[YOUR OBJECTIVE] Look at the entries below and restate word for word the lines from the first through the one that has "Questi orecchini della".

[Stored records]
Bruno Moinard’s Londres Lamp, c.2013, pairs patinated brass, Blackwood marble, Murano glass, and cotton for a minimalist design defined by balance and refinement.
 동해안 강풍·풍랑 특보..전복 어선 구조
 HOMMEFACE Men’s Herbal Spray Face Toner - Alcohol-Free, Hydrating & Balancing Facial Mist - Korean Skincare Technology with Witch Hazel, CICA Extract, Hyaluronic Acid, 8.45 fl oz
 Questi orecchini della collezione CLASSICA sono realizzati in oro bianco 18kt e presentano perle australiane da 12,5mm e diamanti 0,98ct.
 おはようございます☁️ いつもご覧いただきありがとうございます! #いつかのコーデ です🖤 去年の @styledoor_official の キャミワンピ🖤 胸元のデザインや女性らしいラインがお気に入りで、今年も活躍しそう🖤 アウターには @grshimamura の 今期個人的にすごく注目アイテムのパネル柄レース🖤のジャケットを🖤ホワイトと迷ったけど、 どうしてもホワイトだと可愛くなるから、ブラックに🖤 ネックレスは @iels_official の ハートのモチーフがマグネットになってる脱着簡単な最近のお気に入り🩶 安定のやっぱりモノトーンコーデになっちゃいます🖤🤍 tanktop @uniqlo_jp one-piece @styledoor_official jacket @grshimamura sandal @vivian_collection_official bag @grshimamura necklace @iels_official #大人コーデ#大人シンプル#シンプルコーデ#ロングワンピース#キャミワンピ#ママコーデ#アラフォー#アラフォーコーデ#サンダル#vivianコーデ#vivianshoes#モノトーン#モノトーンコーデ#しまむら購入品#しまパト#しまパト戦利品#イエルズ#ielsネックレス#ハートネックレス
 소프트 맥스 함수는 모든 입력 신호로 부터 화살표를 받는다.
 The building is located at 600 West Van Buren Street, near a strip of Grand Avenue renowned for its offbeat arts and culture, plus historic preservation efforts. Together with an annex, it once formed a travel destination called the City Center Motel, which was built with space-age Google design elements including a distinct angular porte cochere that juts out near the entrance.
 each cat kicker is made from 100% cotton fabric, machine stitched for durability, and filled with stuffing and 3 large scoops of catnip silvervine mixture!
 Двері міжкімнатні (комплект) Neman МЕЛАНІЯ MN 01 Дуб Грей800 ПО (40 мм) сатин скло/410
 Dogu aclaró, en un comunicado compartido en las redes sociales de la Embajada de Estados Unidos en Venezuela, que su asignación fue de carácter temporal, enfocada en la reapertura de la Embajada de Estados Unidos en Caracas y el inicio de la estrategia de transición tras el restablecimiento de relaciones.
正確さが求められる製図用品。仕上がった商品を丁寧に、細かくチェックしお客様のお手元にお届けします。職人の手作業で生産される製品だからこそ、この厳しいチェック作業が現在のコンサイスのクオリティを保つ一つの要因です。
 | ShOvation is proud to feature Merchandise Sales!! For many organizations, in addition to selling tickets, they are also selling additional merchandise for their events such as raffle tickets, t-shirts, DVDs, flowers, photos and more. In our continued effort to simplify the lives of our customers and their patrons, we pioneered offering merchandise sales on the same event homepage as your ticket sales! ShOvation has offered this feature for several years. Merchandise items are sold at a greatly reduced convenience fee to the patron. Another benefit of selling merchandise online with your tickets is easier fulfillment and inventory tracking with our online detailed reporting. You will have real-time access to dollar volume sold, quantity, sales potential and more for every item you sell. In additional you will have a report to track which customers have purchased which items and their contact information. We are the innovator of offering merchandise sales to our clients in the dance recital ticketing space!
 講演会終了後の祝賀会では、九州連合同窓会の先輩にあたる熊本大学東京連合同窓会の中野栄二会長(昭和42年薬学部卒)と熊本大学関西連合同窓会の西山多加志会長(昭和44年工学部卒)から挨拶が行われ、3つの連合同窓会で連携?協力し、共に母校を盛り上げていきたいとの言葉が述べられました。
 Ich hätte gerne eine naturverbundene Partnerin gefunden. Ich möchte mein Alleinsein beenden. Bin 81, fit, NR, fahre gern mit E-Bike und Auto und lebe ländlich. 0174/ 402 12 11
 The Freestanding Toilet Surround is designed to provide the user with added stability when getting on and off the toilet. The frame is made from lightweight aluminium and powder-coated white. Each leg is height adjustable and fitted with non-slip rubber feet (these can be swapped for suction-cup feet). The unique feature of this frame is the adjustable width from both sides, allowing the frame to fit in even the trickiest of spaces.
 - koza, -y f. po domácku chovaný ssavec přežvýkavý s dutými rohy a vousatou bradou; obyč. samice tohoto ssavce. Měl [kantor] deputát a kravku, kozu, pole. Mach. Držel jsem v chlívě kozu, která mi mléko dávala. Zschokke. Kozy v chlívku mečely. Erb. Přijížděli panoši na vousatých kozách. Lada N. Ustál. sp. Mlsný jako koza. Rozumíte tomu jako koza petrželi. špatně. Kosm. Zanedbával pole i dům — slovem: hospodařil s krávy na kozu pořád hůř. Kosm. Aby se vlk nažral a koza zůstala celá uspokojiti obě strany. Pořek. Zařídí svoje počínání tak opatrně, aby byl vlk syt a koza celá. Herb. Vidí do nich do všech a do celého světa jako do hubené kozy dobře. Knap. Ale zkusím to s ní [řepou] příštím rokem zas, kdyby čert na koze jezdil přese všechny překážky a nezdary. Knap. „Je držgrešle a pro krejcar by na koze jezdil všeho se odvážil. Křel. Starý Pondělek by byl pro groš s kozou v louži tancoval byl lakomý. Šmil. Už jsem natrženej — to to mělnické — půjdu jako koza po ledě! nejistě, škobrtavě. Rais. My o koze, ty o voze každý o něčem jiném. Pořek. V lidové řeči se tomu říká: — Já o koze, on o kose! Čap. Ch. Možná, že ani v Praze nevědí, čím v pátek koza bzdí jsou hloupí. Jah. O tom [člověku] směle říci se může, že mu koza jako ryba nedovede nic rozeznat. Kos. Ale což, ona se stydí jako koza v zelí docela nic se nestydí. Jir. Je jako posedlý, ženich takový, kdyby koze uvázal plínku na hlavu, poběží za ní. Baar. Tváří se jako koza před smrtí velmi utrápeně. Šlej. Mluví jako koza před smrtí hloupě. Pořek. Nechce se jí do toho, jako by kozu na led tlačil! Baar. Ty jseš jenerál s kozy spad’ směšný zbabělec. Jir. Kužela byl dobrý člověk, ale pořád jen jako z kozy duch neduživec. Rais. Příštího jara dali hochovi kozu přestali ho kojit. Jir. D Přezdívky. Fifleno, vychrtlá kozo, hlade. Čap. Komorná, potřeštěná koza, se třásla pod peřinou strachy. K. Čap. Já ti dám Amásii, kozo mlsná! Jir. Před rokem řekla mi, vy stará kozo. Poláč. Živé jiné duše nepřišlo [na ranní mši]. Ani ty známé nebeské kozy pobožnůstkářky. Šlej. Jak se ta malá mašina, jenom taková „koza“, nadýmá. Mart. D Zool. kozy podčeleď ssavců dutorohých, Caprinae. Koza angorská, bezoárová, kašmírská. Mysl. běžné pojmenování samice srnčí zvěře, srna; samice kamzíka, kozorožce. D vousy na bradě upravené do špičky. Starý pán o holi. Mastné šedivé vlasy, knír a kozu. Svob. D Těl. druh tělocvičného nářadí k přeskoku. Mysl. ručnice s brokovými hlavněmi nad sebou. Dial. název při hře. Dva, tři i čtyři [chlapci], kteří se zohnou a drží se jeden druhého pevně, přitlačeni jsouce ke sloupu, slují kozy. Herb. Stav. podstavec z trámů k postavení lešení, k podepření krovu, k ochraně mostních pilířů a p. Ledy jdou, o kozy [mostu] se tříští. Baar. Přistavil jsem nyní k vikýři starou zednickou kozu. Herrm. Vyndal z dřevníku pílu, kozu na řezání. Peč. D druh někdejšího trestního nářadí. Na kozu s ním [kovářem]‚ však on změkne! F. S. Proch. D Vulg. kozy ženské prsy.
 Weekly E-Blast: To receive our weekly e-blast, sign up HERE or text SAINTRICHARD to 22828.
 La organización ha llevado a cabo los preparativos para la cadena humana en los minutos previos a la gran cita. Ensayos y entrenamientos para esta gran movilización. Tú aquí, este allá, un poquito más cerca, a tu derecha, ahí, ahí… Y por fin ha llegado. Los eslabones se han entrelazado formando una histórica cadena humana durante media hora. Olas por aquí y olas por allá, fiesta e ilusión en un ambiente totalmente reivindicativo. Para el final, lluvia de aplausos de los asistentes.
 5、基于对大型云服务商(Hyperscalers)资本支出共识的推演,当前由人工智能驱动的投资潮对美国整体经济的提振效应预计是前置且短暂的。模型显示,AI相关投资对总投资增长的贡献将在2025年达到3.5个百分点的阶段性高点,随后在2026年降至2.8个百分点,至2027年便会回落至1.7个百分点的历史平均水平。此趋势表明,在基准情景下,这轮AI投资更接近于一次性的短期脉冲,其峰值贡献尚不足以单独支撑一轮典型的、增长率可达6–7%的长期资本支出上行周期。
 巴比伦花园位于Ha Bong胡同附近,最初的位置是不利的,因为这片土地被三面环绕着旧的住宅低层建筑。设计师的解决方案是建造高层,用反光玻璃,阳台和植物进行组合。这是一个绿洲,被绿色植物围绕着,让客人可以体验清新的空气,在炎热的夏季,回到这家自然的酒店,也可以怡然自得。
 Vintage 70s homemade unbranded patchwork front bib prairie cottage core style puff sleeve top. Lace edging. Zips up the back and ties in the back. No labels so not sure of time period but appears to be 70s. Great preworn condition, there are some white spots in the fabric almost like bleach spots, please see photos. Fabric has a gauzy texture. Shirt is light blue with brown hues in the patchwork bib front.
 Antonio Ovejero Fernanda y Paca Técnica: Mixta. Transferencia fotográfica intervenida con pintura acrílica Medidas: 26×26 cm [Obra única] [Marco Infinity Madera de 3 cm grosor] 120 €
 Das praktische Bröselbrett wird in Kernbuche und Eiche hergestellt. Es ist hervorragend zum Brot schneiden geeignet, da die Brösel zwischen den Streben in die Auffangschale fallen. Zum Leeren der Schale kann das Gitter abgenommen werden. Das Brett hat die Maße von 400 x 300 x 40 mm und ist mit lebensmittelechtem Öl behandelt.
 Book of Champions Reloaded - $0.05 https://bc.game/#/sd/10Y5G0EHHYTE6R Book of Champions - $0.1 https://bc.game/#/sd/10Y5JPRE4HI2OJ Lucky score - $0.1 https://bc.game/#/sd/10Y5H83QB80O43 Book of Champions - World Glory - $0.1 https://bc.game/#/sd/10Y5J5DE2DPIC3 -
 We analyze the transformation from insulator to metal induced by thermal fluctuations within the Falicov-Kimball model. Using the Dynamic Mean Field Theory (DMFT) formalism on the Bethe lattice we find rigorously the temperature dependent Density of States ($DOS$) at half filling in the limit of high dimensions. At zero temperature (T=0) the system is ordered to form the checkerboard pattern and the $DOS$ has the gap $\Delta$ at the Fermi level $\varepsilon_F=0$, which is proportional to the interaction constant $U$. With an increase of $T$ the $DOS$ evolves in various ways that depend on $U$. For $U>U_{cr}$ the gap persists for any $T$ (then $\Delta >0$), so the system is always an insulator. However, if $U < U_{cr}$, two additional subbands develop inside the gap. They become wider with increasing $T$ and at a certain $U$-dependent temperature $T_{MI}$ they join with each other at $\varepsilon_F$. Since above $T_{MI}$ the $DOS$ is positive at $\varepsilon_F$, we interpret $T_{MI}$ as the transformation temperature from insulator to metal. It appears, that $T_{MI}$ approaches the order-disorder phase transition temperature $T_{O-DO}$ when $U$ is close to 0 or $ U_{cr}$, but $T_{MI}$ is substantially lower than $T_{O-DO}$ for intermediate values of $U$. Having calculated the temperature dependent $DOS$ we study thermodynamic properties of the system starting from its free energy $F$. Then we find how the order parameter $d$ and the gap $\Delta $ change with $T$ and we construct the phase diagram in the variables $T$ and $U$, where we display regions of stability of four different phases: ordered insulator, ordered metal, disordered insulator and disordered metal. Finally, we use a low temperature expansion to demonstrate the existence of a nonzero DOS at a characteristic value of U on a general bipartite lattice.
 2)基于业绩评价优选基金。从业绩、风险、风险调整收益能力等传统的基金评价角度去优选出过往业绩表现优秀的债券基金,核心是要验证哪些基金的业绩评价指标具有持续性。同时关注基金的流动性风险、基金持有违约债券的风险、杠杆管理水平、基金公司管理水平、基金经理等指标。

[RESULT]
Bruno Moinard’s Londres Lamp, c.2013, pairs patinated brass, Blackwood marble, Murano glass, and cotton for a minimalist design defined by balance and refinement.
 동해안 강풍·풍랑 특보..전복 어선 구조
 HOMMEFACE Men’s Herbal Spray Face Toner - Alcohol-Free, Hydrating & Balancing Facial Mist - Korean Skincare Technology with Witch Hazel, CICA Extract, Hyaluronic Acid, 8.45 fl oz
 Questi orecchini della collezione CLASSICA sono realizzati in oro bianco 18kt e presentano perle australiane da 12,5mm e diamanti 0,98ct.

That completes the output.